**ACTIVITY**
Please restate every line below exactly, without any pictures.

**SUPPLIED DATA**
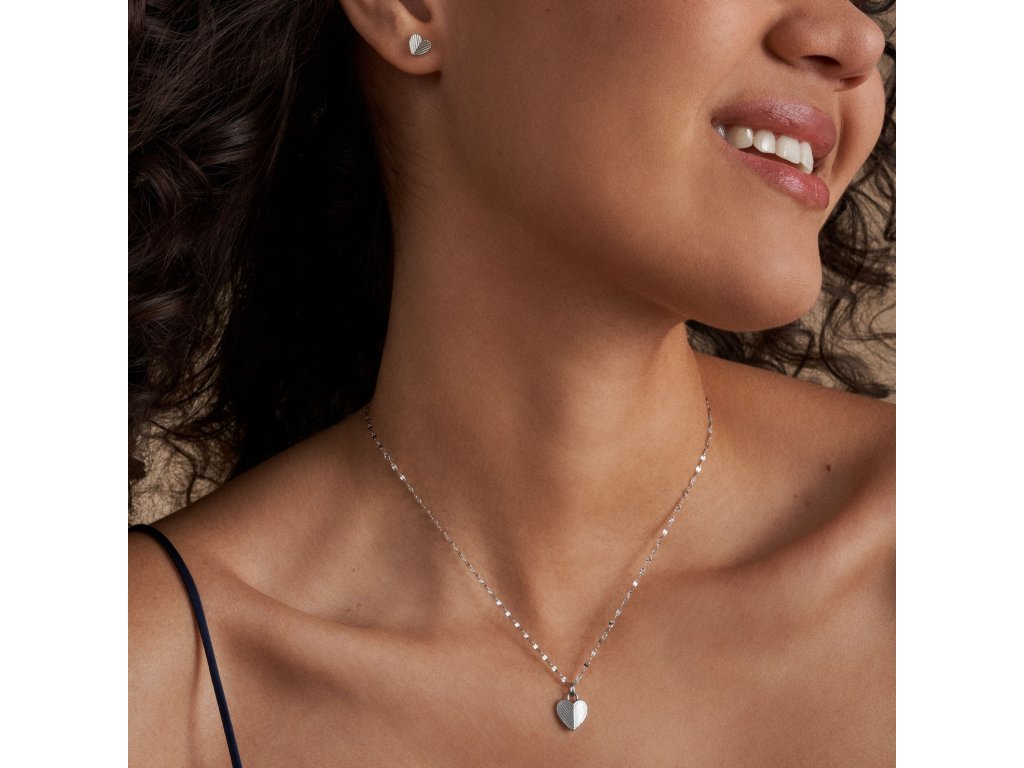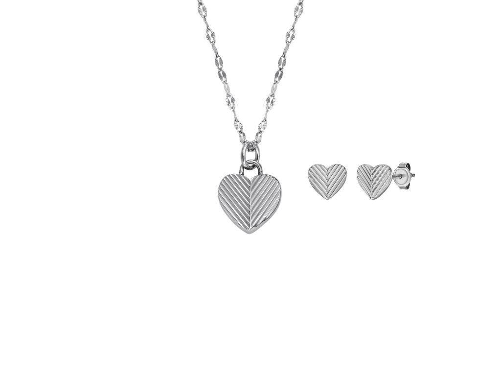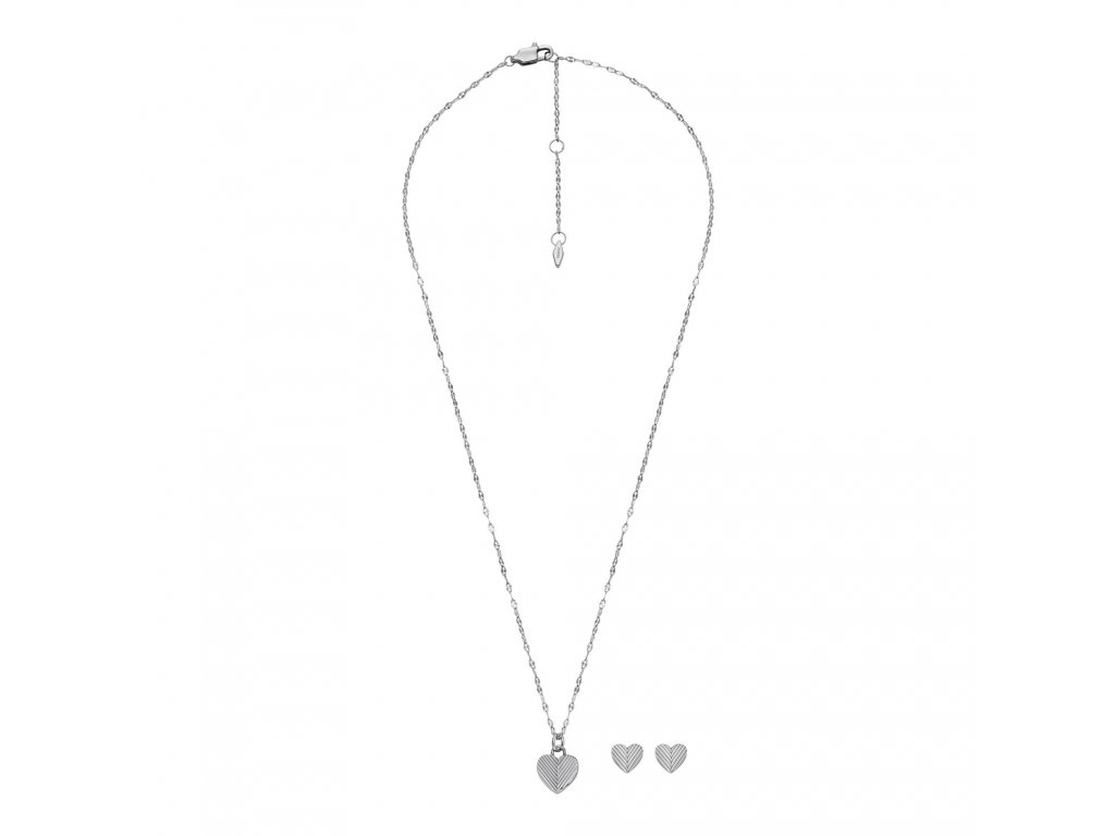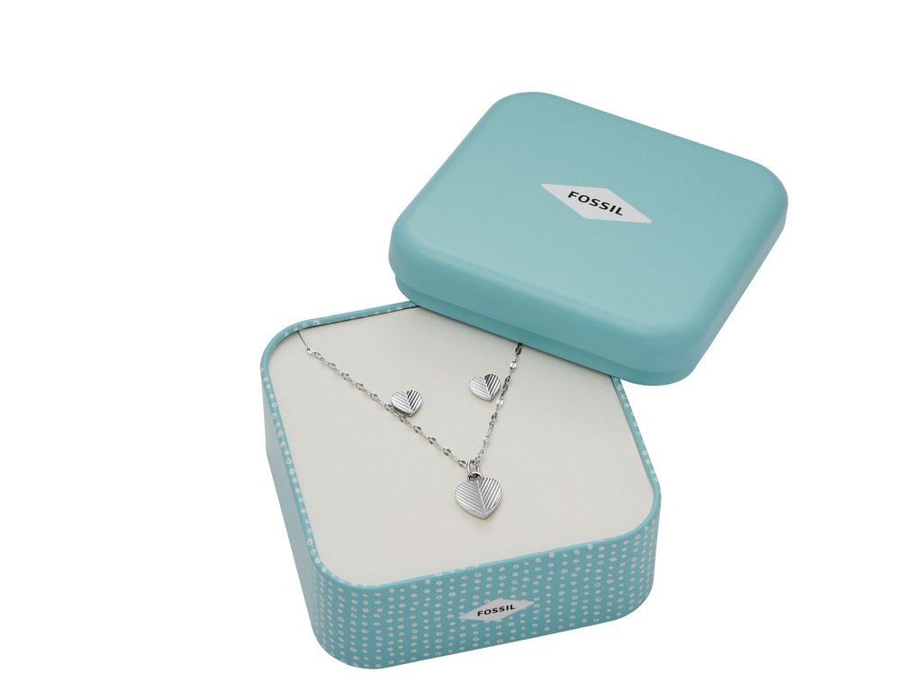 A set of women's jewellery that's easy to fall in love with... Fossil 's designers play with the traditional heart shape, but add a modern touch to the necklace and earrings thanks to the attractive texture.
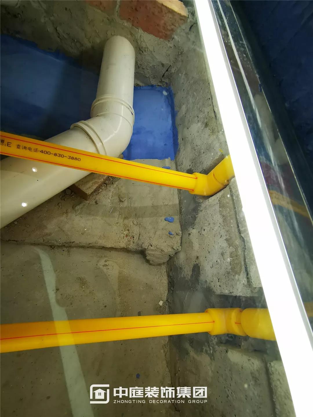 水管翻地梁工藝:進衛(wèi)生間水管翻墻,防止后期瓦工施工踩踏到水管,導致水管震動引起防水開裂,從而導致防水漏水。
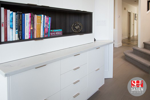 Our clients wanted a kitchen that was not only sleek and modern but functional. This kitchen renovation was driven by particular lifestyle elements of the homeowners in particular, individual drawers for all the kids and adults in the family to use as their personal storage while keeping the house organized. We opened up the kitchen to take advantage of the spectacular West Vancouver views. The vision for the sitting area was to be television free and a place for the family to gather and spend quality time together.
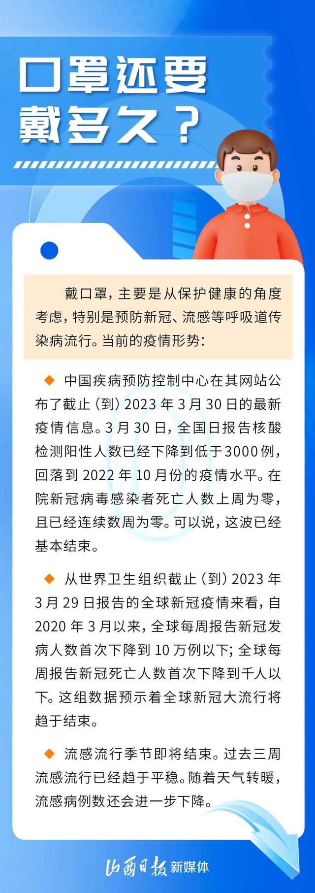 零字节资讯网2023年4月10日消息: 海报 | @太原人,口罩还要戴吗?最新专家研判来了 编辑: 中国玉王 零字节资讯网发布 140阅 0评 口罩还要戴多久 什么场合要坚持戴 什么场合可以不戴 中国疾控中心流行病学首席专家 吴尊友近日在微博发文回应 来源:山西日报 特别声明:以上文章内容仅代表作者本人观点,不代表新浪网观点或立场。如有关于作品内容、版权或其它问题请于作品发表后的30日内与新浪网联系。 赞微海报分享请继续点击阅读以下震撼之作:136幅锁魂 ×21密钥开玄伊甸园真容现世新疆于阗 点击上面零字节资讯网相机的圆圈生成这篇文章的奇异、神秘的海报然后将海报保存图片收藏,可发朋友圈

**EXERCISE ANSWER**
 A set of women's jewellery that's easy to fall in love with... Fossil 's designers play with the traditional heart shape, but add a modern touch to the necklace and earrings thanks to the attractive texture.
 水管翻地梁工藝:進衛(wèi)生間水管翻墻,防止后期瓦工施工踩踏到水管,導致水管震動引起防水開裂,從而導致防水漏水。
 Our clients wanted a kitchen that was not only sleek and modern but functional. This kitchen renovation was driven by particular lifestyle elements of the homeowners in particular, individual drawers for all the kids and adults in the family to use as their personal storage while keeping the house organized. We opened up the kitchen to take advantage of the spectacular West Vancouver views. The vision for the sitting area was to be television free and a place for the family to gather and spend quality time together.
 零字节资讯网2023年4月10日消息: 海报 | @太原人,口罩还要戴吗?最新专家研判来了 编辑: 中国玉王 零字节资讯网发布 140阅 0评 口罩还要戴多久 什么场合要坚持戴 什么场合可以不戴 中国疾控中心流行病学首席专家 吴尊友近日在微博发文回应 来源:山西日报 特别声明:以上文章内容仅代表作者本人观点,不代表新浪网观点或立场。如有关于作品内容、版权或其它问题请于作品发表后的30日内与新浪网联系。 赞微海报分享请继续点击阅读以下震撼之作:136幅锁魂 ×21密钥开玄伊甸园真容现世新疆于阗 点击上面零字节资讯网相机的圆圈生成这篇文章的奇异、神秘的海报然后将海报保存图片收藏,可发朋友圈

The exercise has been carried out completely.